**Work task:** Below are some records. Return exactly the lines from the one containing "为丰富校园文化生活,提升教职" through the one containing "Mnou šitá kolová", both included, and only those.

**Material for this exercise:**

----------

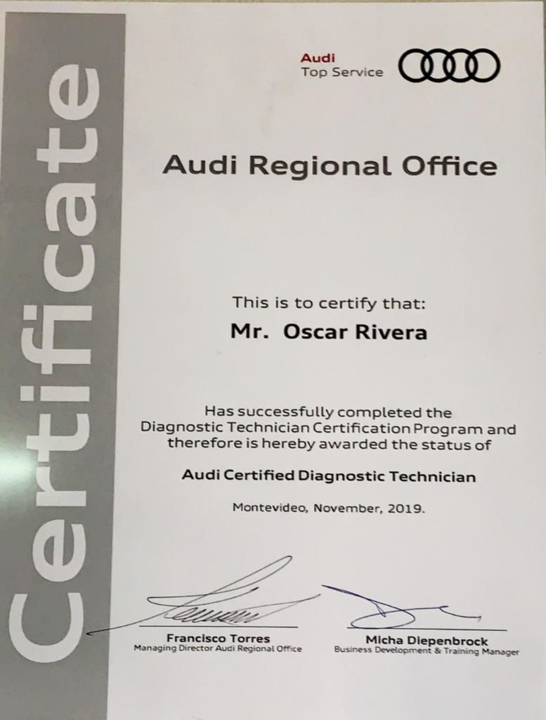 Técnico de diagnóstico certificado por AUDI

----------

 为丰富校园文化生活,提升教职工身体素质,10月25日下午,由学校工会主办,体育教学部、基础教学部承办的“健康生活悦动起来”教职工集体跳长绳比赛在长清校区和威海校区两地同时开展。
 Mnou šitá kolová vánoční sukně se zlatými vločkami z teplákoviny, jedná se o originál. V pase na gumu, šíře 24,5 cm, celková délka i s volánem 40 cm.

----------

**Answer space:**
 为丰富校园文化生活,提升教职工身体素质,10月25日下午,由学校工会主办,体育教学部、基础教学部承办的“健康生活悦动起来”教职工集体跳长绳比赛在长清校区和威海校区两地同时开展。
 Mnou šitá kolová vánoční sukně se zlatými vločkami z teplákoviny, jedná se o originál. V pase na gumu, šíře 24,5 cm, celková délka i s volánem 40 cm.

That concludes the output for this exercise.